The researchers also used their variant data to look at allele-specific protein abundance, a phenomenon that Seyfried said could have implications in various disease processes.

"We're diploid organisms, so you inherit one allele from mom and one allele from dad, and the hypothesis would be that most alleles would be equally abundant," he said. "Our idea was to look as the expression of the variant [peptide] versus the reference and see if they are generally one to one in terms of their expression."

Looking at 429 of the peptide variants they detected, they found that in 95 of them (22 percent) one allele was expressed at levels four-fold or more higher than the other.
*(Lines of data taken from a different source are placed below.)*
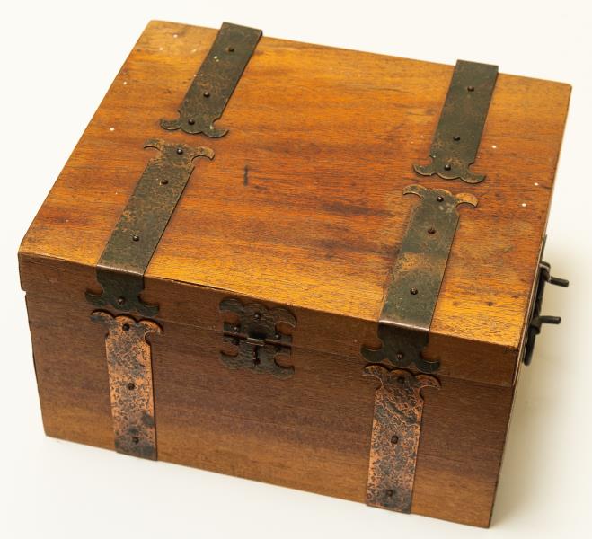 Koka lāde ar metāla apkalumiem, iekspusē kastīte ar nodalījumiem sīku priekšmetu uzglabāšanai.Izgatavots sia "Daiļrade" Viļakas filiālē.izgatavotājs E.Ivanovskis
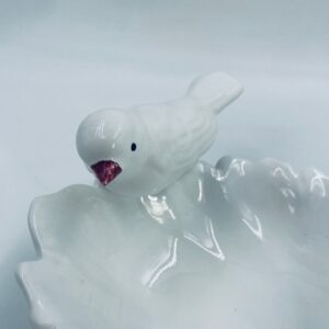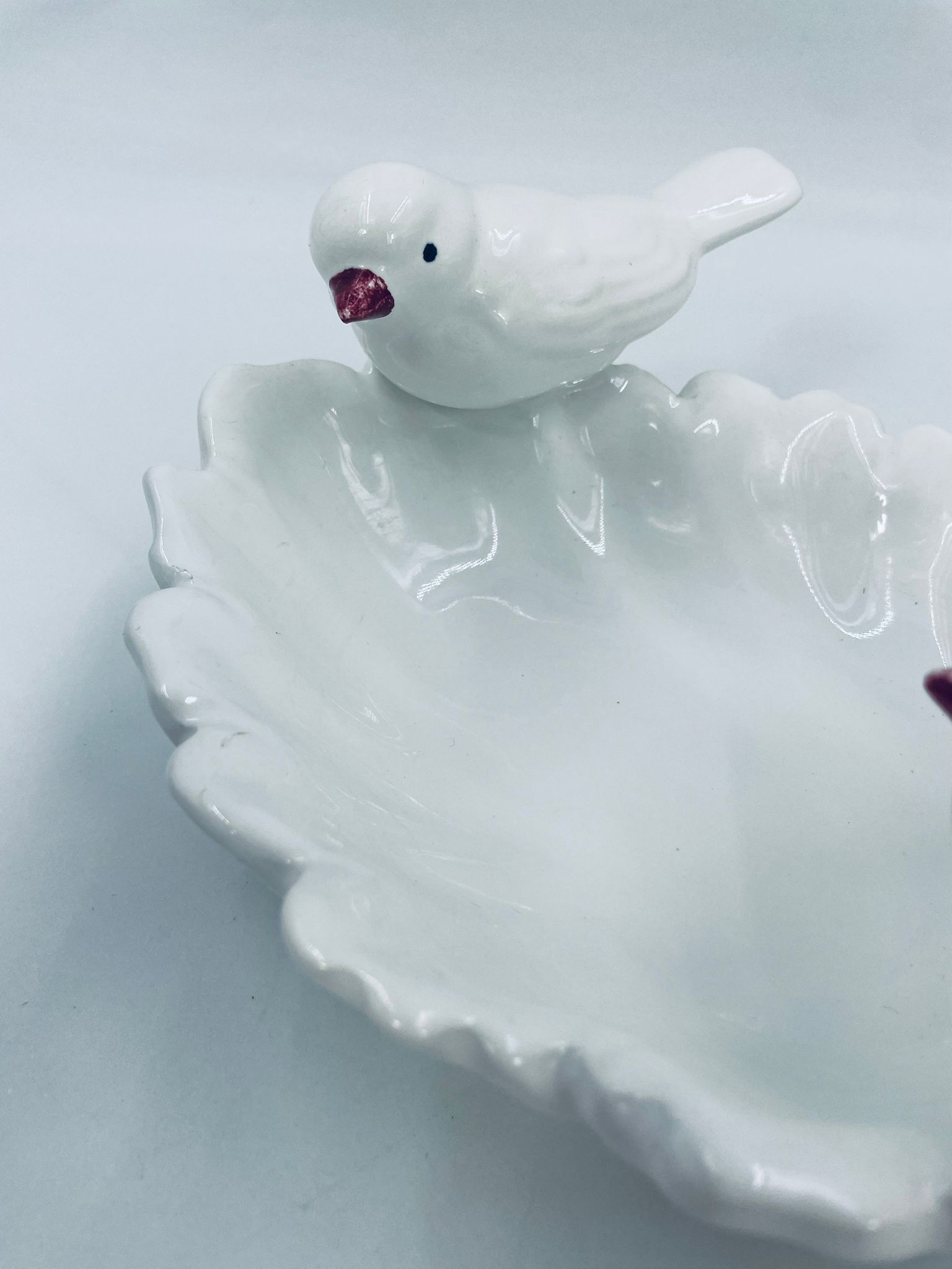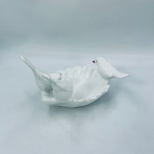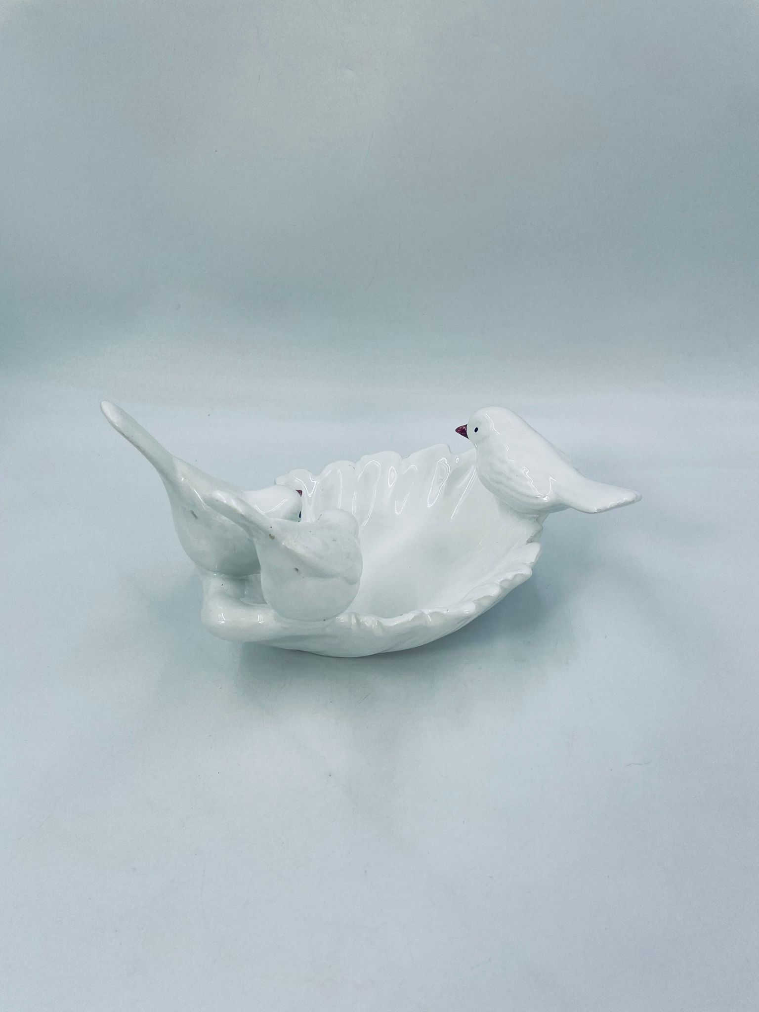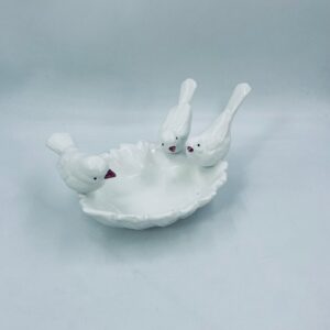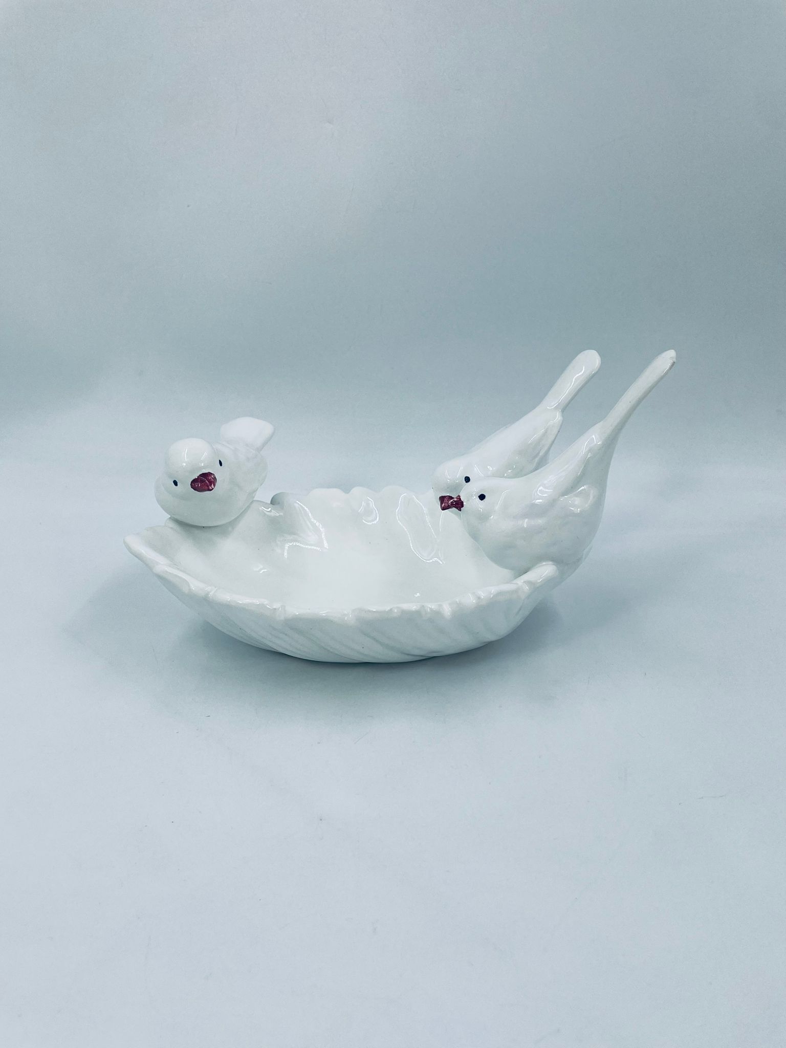 A decorative bowl in vintage style, made of white ceramic. The bowl is shaped like a leaf with three bird figurines placed on it. The bowl can be used to store jewellery, keys, sweets or other small items. It has a chip on the bird's tail.
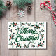 Envía felicitaciones festivas con estilo con nuestra tarjeta de vacaciones Script Merry Christmas Holly Red and Green, perfecta para difundir la alegría navideña a tus seres queridos. Con una hermosa tipografía script y un diseño clásico en rojo y verde, esta tarjeta captura la esencia de una celebración navideña tradicional. El elegante mensaje "Merry Christmas" se complementa con alegres acentos de acebo, lo que le da a la tarjeta un cálido y nostálgico sentimiento.
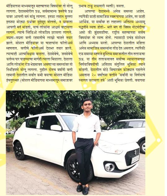’सत्य’धर्माचा पुजारी – वली रेहमानी (प.बंगाल) – विशीत असणरा रेहमान फेसबुक, यूट्यूब, इन्स्टाग्राम सारख्या समाज माध्यमांतून राजकीय सामाजिक विषयांवर बोलणारा आणि अल्पावधीत “सोशल इन्फ्लुएन्सर” झाला. त्याची कहाणी.
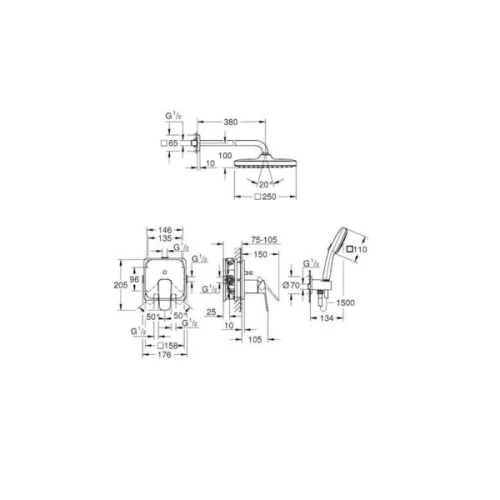 - душ пита Tempesta 250 Cube 9.5 l/min (26 687) с хоризонтално рамо 380 mm
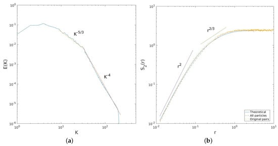 Kinetic energy spectrum ((a) panel) from the turbulence simulation, reproduced from Figure 9 of [17]. The structure functions ((b) panel) calculated from the energy spectrum (solid curve), from all particle pairs (dashed red) and from pairs deployed together (dashed yellow).
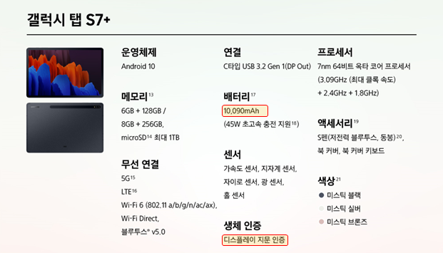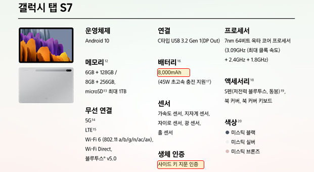 갤럭시 탭 S7+, S7 상세 스펙상 배터리와 생체인증이 차이가 나고 나머진 동일한 스펙을 가지고 있다.

In 40 percent of those cases, the variant peptide was more highly expressed, while the reference peptide was more highly expressed in 60 percent of cases.

They followed this up with targeted quantitation of three variant and reference peptide pairs, using parallel reaction monitoring mass spec and heavy isotope internal standards to do absolute quantitation, and found that this targeted quantitation data largely agreed with their findings in the larger set of variant-reference pairs.

Seyfried noted that the study's small number of samples analyzed precludes the researchers from making any specific conclusions about the effects of the observed allele-specific expression, but said that it suggests an approach to future research into this question.

"Are there proteins that are less susceptible, or genes that are less susceptible, to imbalance?" he asked. "For coding variants that cause or are associated with disease, how does that affect their allelic balance in the brain? I think we can now start to get at those questions."